» EXCERPTED RECORDS:

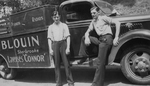Description :UN CAMION FORD, VU DE COTE, SERVANT A LIVRER LES MARCHANDISES DU MAGASIN ARTHUR BLOUIN. SUR LE COTE DE LA BOITE DU CAMION, ON PEUT LIRE PIANOS RADIOS BLOUIN SHERBROOKE LAVEUSES "CONNOR". A GAUCHE DE LA PORTE DU CAMION, LUCIEN BLOUIN EST DEBOU...
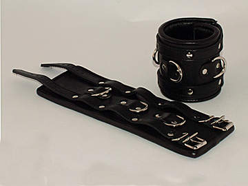 Наручники подшитые широкие. Ширина 8см. Застежка - 2 ремешка с металлическими пряжками. Имеют 3 сварных D - кольца. Отделочный край. Внутри вшита мягкая проставка обтянутая кожей. Не имеют соединительной фиксации. Диаметр 5-8см. Материал: натуральная кожа.
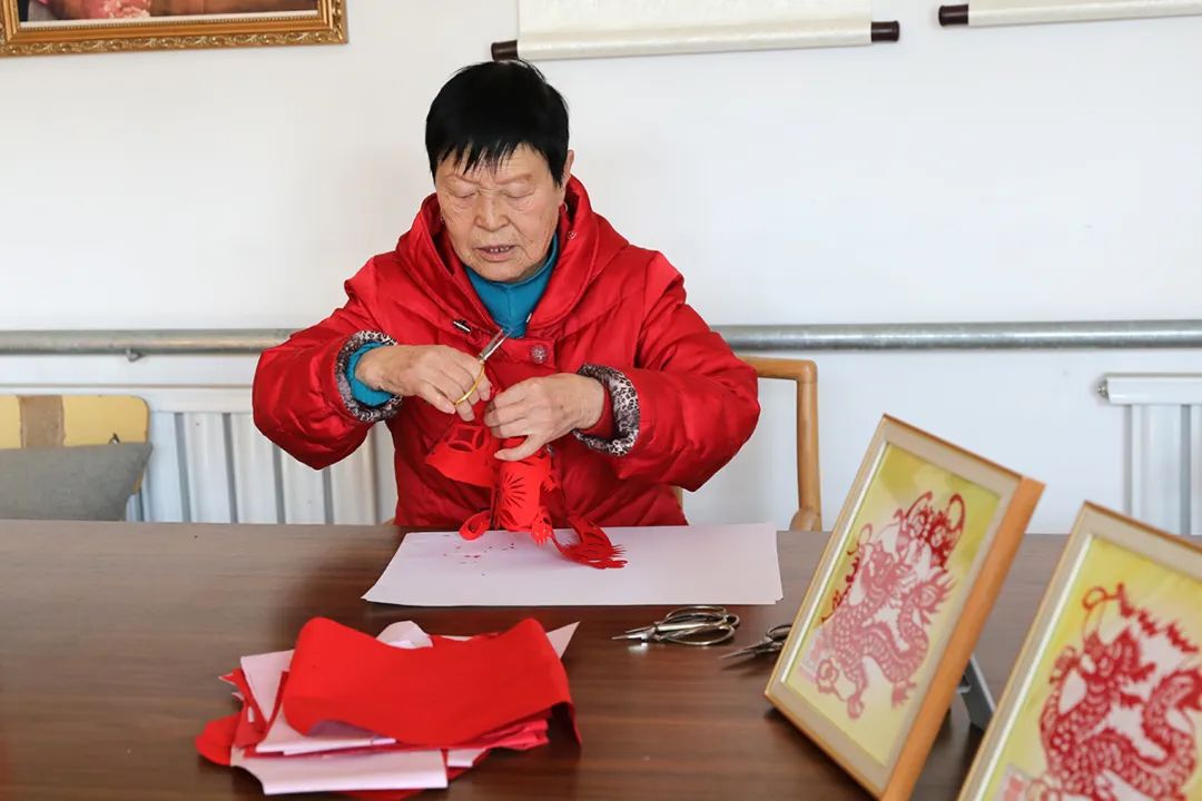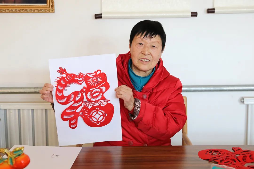 “牡丹承载着深厚的文化内涵,象征富贵吉祥,菊花寓意高洁、永恒……”郝兰英在剪纸过程中又加入了许多中国传统花卉元素。她说:“剪纸的画面要填满,不能留白,并且中间不能断开。”记者看到,最后呈现的龙年福字作品画面饱满,传递了美好新春祝福。
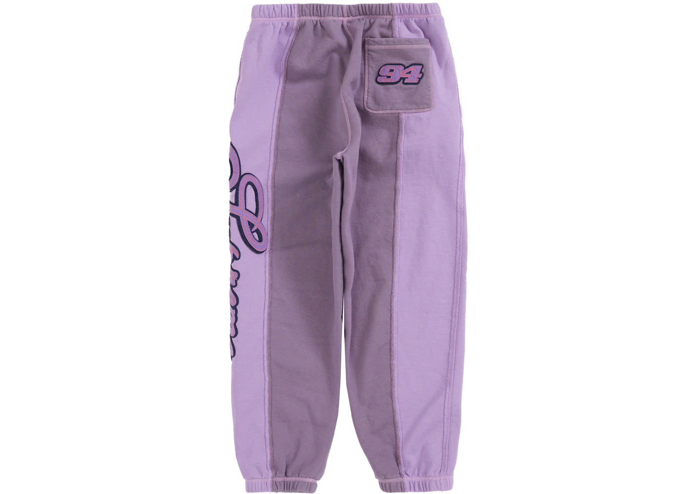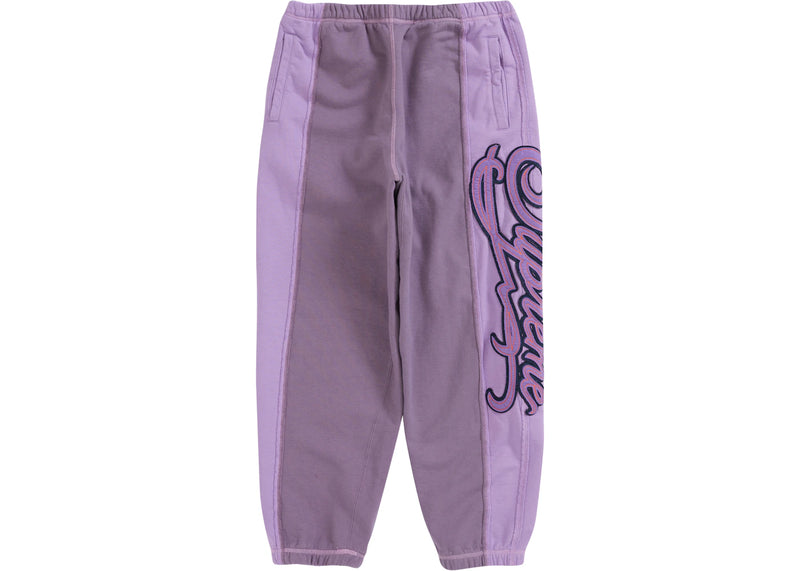 The Supreme Paneled Script Sweatpant Dusty Purple is now available at Side Kicks!
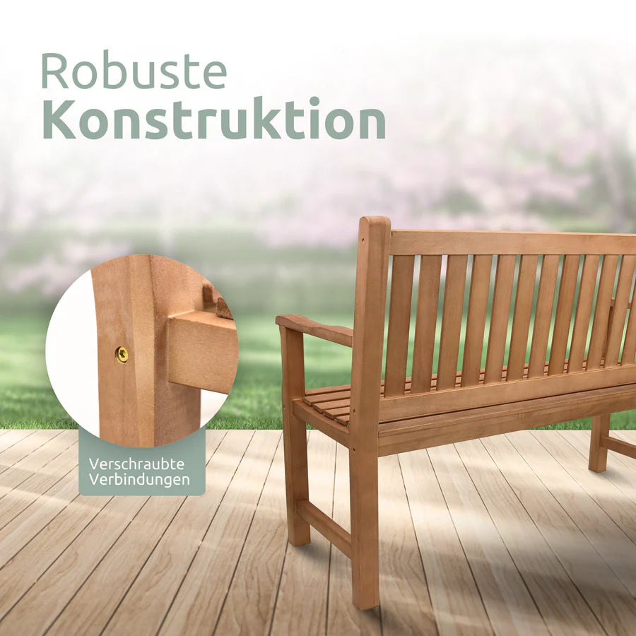 Egal, ob du alleine entspannen oder eine Gartenparty veranstalten möchtest - unsere Gartenbank aus Pappelholz bietet genug Platz und Bequemlichkeit für jeden Anlass. Und das Beste daran? Dank der hochwertigen Verarbeitung bleibt sie dir treu, egal bei welchem Wetter.

» EXERCISE OBJECTIVE:
Please retype the records above exactly, excluding every picture.

» TASK ANSWER:
Description :UN CAMION FORD, VU DE COTE, SERVANT A LIVRER LES MARCHANDISES DU MAGASIN ARTHUR BLOUIN. SUR LE COTE DE LA BOITE DU CAMION, ON PEUT LIRE PIANOS RADIOS BLOUIN SHERBROOKE LAVEUSES "CONNOR". A GAUCHE DE LA PORTE DU CAMION, LUCIEN BLOUIN EST DEBOU...
 Наручники подшитые широкие. Ширина 8см. Застежка - 2 ремешка с металлическими пряжками. Имеют 3 сварных D - кольца. Отделочный край. Внутри вшита мягкая проставка обтянутая кожей. Не имеют соединительной фиксации. Диаметр 5-8см. Материал: натуральная кожа.
 “牡丹承载着深厚的文化内涵,象征富贵吉祥,菊花寓意高洁、永恒……”郝兰英在剪纸过程中又加入了许多中国传统花卉元素。她说:“剪纸的画面要填满,不能留白,并且中间不能断开。”记者看到,最后呈现的龙年福字作品画面饱满,传递了美好新春祝福。
 The Supreme Paneled Script Sweatpant Dusty Purple is now available at Side Kicks!
 Egal, ob du alleine entspannen oder eine Gartenparty veranstalten möchtest - unsere Gartenbank aus Pappelholz bietet genug Platz und Bequemlichkeit für jeden Anlass. Und das Beste daran? Dank der hochwertigen Verarbeitung bleibt sie dir treu, egal bei welchem Wetter.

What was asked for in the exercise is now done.